The rolling news cycles continue to offer a regular diet of “No Deal,” “People’s Vote,” “Backstop,” and constant schoolyard squabbling between parties who can’t even agree on what they want for themselves, never mind debate with their opponents, who, frustratingly, don’t know what they want for themselves either.

As such, you'd be forgiven for an inclination to pass over Toby Haynes' Channel 4 movie Brexit: The Uncivil War, when it screens on BBC First this Sunday, and becomes available on demand on OSN Play immediately afterwards.

You would, however, be wrong. Brexit, it turns out, is incredibly gripping, moving, and often hilarious stuff when you take all the boring bits out.

The real-life drama stars Bendict Cumberbatch as Dominic Cummings, the lead strategist of the official Vote Leave campaign, with Rory Kinnear as his Vote Remain counterpart, Craig Oliver.

A new twist on a tired tale

By focusing on these behind-the-scenes Machiavellis, rather than the MPs we’re so sick of seeing trading insults on the news, writer James Graham delivers a refreshing take on a well-worn subject, as well as a jaw-dropping look at some of the questionable tactics of the Vote Leave campaign (the official campaign has already been found guilty of breaking electoral law, while the splinter Leave.EU campaign is the subject of a criminal investigation), and the Remain team’s utter inability to counter Cummings’ techniques of data mining, social media manipulation, and misinformation. Cummings’ campaign may well have changed the way elections are fought forever.

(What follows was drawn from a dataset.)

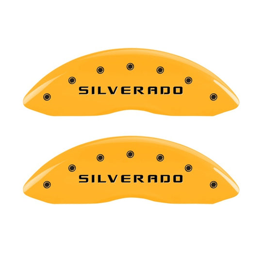 MGP Front set 2 Caliper Covers Engraved Front Silverado Yellow finish black ch

From fake social media accounts to demonstrable falsehoods and a completely new software machine to identify off-radar possible supporters via intense data mining, then bombard them with misinformation, nothing was out of bounds in Cummings’ campaign. Even the campaign's slogan "Take Back Control" brilliantly created the false reality that Britain outside the EU was the status quo, and the Remain campaign were the interlopers trying to change this.

The result today is a divided Britain - as brilliantly demonstrated when a focus group meeting for the Remain side descends into a virtual brawl - and still no plan on Brexit. Cummings, incidentally, eschewed the traditional path of focus groups and did his research by talking to angry people in pubs.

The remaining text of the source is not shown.